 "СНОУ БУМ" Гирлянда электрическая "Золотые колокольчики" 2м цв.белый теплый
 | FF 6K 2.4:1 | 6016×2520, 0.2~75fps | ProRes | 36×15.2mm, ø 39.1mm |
---
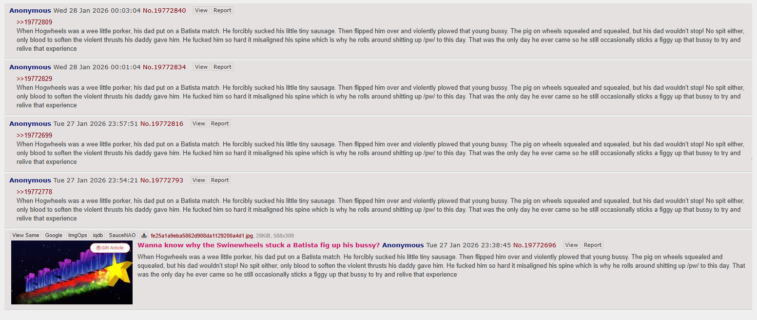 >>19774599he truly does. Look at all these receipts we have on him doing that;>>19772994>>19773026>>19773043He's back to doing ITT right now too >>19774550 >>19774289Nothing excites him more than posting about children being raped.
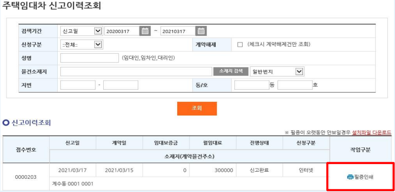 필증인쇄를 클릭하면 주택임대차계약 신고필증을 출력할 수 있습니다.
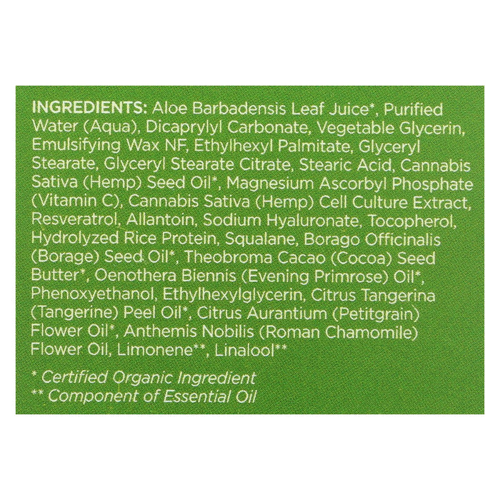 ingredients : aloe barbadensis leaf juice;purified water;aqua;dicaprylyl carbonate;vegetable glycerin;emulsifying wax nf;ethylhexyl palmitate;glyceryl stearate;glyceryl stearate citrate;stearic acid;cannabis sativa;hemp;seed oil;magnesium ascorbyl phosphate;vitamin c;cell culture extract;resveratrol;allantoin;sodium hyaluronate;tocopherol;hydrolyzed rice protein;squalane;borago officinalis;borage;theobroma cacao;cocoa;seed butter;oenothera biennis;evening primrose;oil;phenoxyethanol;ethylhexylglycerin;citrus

◆ **Work required**
Beginning with the line above that has "children being raped." and going on through the line that has "필증인쇄를 클릭하면 주택임대차계약 신고필증을 출력할 수 있습니다.", retype every line exactly and add nothing else; drop the pictures.

◆ **Exercise response**
 >>19774599he truly does. Look at all these receipts we have on him doing that;>>19772994>>19773026>>19773043He's back to doing ITT right now too >>19774550 >>19774289Nothing excites him more than posting about children being raped.
 필증인쇄를 클릭하면 주택임대차계약 신고필증을 출력할 수 있습니다.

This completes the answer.